Ora Szekely



Stories from the Field: A Guide to Navigating Fieldwork in Political Science. Editor, with Peter Krause. (Forthcoming, 2020.) Columbia University Press.

What do you do if you get stuck in an elevator in Mogadishu? How worried should you be about being followed after an interview with a ring of human traffickers in Lebanon? What happens to your research if you get placed on a government watchlist? And what if you find yourself feeling like you just aren’t cut out for fieldwork?

Stories from the Field is a relatable, thoughtful, and unorthodox guide to field research in political science. It features personal stories from working political scientists from a diverse range of biographical and academic backgrounds, covering research in North and South America, Africa, Asia, Europe, and the Middle East, ranging from archival work to interviews with combatants. . The contributors reflect not only on their own experiences but also on larger questions about research ethics, responsibility, and the effects of their personal and professional identities on their fieldwork. 


Insurgent Women: Female Combatants in Civil Wars. With Jessica Trisko Darden and Alexis Henshaw. (2019). Georgetown University Press.

Women’s participation in asymmetric violence and civil war is both widespread and tremendously varied. At the same time, however, it is often treated as an afterthought in the literature on civil war.

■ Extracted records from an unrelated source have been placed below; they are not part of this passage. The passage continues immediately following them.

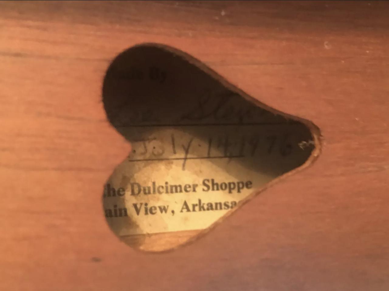 Lastly, my dulcimer is circa 1976 made by The Dulcimer Shoppe in Mountain View Arkansas. See photos.
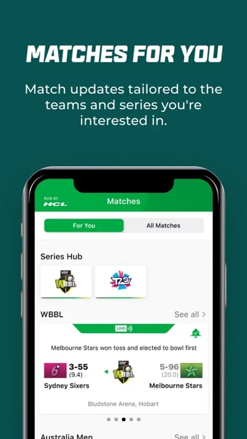 • Live streaming of Australia Men’s and Women’s international matches played in Australia *
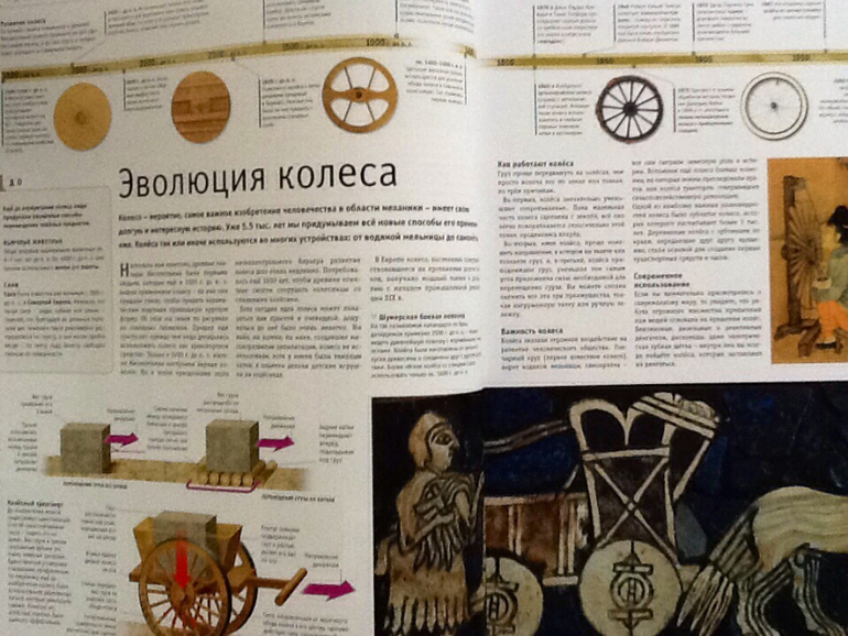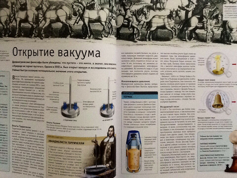 В начале каждого раздела есть хронологическая таблица, в которой показано, где и какие открытия и изобретения были сделаны в данный период. В каждой теме так же есть перекрестные ссылки и подробные хроники жизни великих ученых. Прекрасные иллюстрации, фотографии, диаграммы образуют динамику.
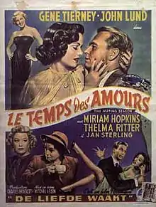 The Mating Season is a 1951 American comedy-drama romance film directed by Mitchell Leisen, and produced by Charles Brackett from a screenplay by Charles Brackett, Richard Breen, and Walter Reisch, based on the play Maggie by Caesar Dunn. The ensemble cast stars Gene Tierney, John Lund, Miriam Hopkins, and Thelma Ritter.[2][3]
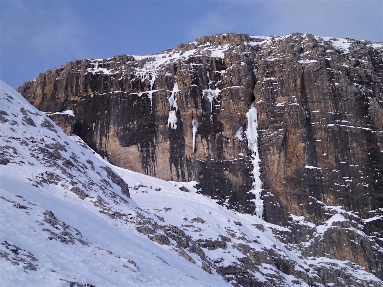 Rechts der Route Stella Cadente - Sternschnuppe befindet sich noch eine schöne drei Seillängen Route, die sich auch nur selten bildet. Die Route befindet sich im unteren Teil gegenüber dem Piz da Lech, ausgerichtet nach Osten, auf 2550 m.
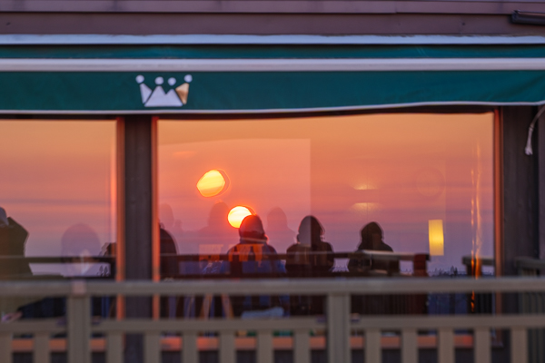 5時51分、振り返ると日の出カフェには太陽が二つ!!
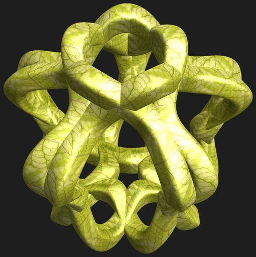 Keywords: mathematica 3d cg parametricplot3d texture torus 輪環 りんかん ドーナツ どーなつ 五芒星 ごぼうせい 五光星 ごこうせい 五稜星 ごりょうせい code program algorithm コード プログラム アルゴリズム pentagram geometric sculpture geometricsculpture shape geometry sculpture mapping テクスチャ マッピング 模様 もよう abstract 抽象 ちゅうしょう アブストラクト design pattern デザイン パターン graphic グラフィック グラフィクス structure 意匠 構造 symmetry 対称性 たいしょうせい シンメトリー 対称 たいしょう algorithm コード black background indoor food a = 8; (* center hole size of a torus *) b = 5; (* penta-torus *) c = -5; (* distance from the center of rotation *) d = 5; (* number of torus *) h = 1; (* height of a torus *) SetOptions[ParametricPlot3D, PlotRange -> Full, Mesh -> None, Boxed -> False, Axes -> False, PlotPoints -> 400, ImageSize -> 3000, Background -> RGBColor[{30, 30, 30}/255], PlotStyle -> Directive[Specularity[White, 30], Texture[Import["D:/tmp/71.jpg"]]], TextureCoordinateFunction -> ({#4, #5 b Pi} &), Lighting -> "Neutral"]; f[v_] := Sin[2 Sin[Sin[Sin[v]]]]; x = (a - Cos[t] - Sin[b s]) Cos[s + Pi/(2 b)]; y = (a - Cos[t] - Sin[b s]) Sin[s + Pi/(2 b)]; z = (a - f[t] - h Sin[b s]) + c; rm = Table[{x, y, z}.RotationMatrix[2 i Pi/d, {1, 0, 0}], {i, d}]; ParametricPlot3D[rm, {t, 0, 2 Pi}, {s, 0, 2 Pi}] (*--- The Texture *) a = 8; (* center hole size of a torus *) b = 5; (* penta-torus *) c = -5; (* distance from the center of rotation *) d = 5; (* number of torus *) h = 1; (* height of a torus *) SetOptions[ParametricPlot3D, PlotRange -> Full, Mesh -> None, Boxed -> False, Axes -> False, PlotPoints -> 400, ImageSize -> 3000, Background -> RGBColor[{30, 30, 30}/255], PlotStyle -> Directive[Specularity[White, 30], Texture[Import["D:/tmp/71.jpg"]]], TextureCoordinateFunction -> ({#4, #5 b Pi} &), Lighting -> "Neutral"]; f[v_] := Sin[2 Sin[Sin[Sin[v]]]]; x = (a - Cos[t] - Sin[b s]) Cos[s + Pi/(2 b)]; y = (a - Cos[t] - Sin[b s]) Sin[s + Pi/(2 b)]; z = (a - f[t] - h Sin[b s]) + c; rm = Table[{x, y, z}.RotationMatrix[2 i Pi/d, {1, 0, 0}], {i, d}]; ParametricPlot3D[rm, {t, 0, 2 Pi}, {s, 0, 2 Pi}] (*--- The Texture *) |

In this book, we offer a brief exploration of the multiple dimensions of women’s participation in armed conflict in Ukraine, Colombia, and the Kurdish regions of Turkey, Syria and Iraq.

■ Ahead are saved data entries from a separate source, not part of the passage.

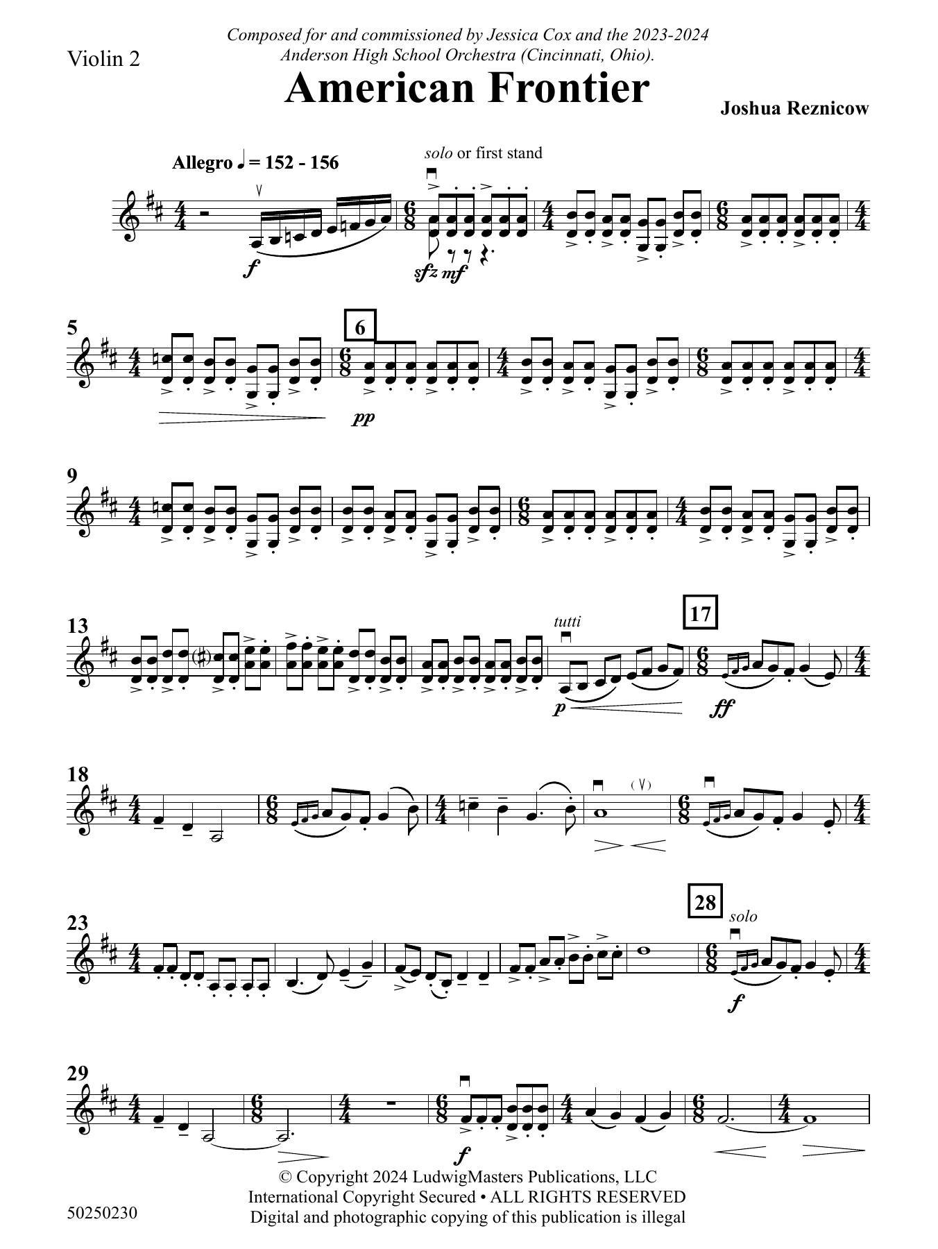 American Frontier for string orchestra was written by Joshua Reznicow utilizing various ensemble configurations from within the string orchestra. Solo lines, quartet, quintet, and sectional soli all help to make up the overall design and orchestral colors of the piece. As a juxtaposition to this, large divisi string writing is utilized to help balance the smaller ensemble writing within the score. The work is inspired by images of a western frontier---one filled with large fields, mountains, and sunsets, as well as subtle character-filled details that have a forward and fast-moving feel. (5:00)
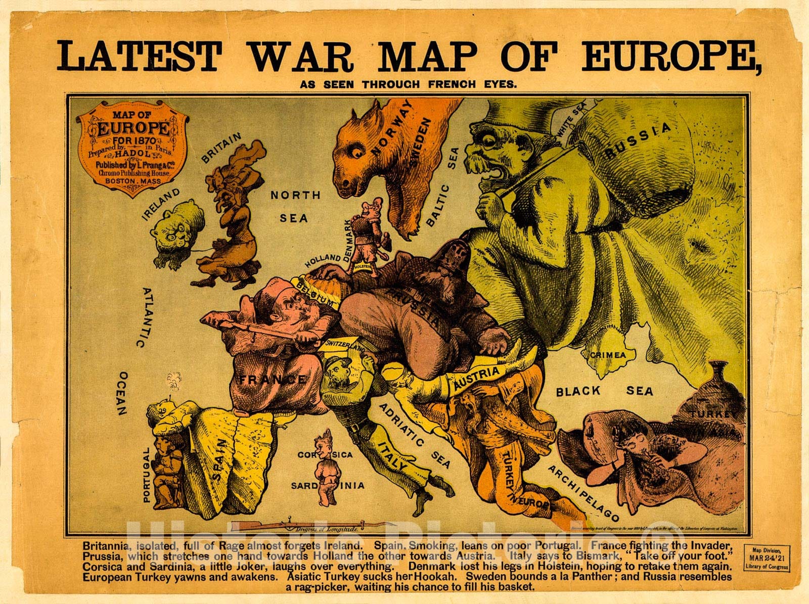 Historic 1870 Map - Latest war map of Europe : as seen Through French Eyes
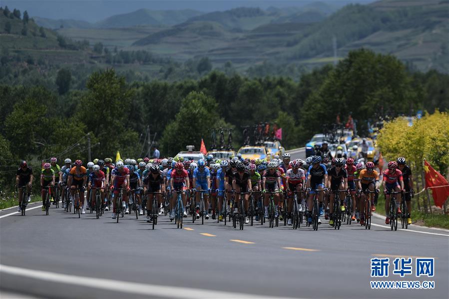 ↑7月22日,参赛选手在比赛中骑行。 当日,第十七届环青海湖国际公路自行车赛在青海省海东市乐都区鸣枪开赛。 新华社记者吴刚摄

The Politics of Militant Group Survival in the Middle East: Resources, Relationships, and Resistance. (2016). Palgrave Macmillan.

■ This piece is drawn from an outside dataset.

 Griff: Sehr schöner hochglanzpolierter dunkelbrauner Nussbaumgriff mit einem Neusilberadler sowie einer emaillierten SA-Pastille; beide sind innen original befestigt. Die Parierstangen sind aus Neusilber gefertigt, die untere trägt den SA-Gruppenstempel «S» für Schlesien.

Why is it that multiple nonstate armed groups, fighting the same adversary, on the same territory, experience very different outcomes, even when they have access so similar resources? This book explores this question by comparing the experiences of four major armed groups in the Arab-Israeli conflict ecosystem: PLO, Amal, Hizbullah and Hamas. The roots of an organization’s ability to survive its confrontations with far more powerful adversaries lie in its foreign and domestic policy choices.  Based on interviews with movement members and adversaries, critics and supporters, I find that the strategies which organizations use to obtain both tangible and intangible resources are ultimately just as important as the resources themselves.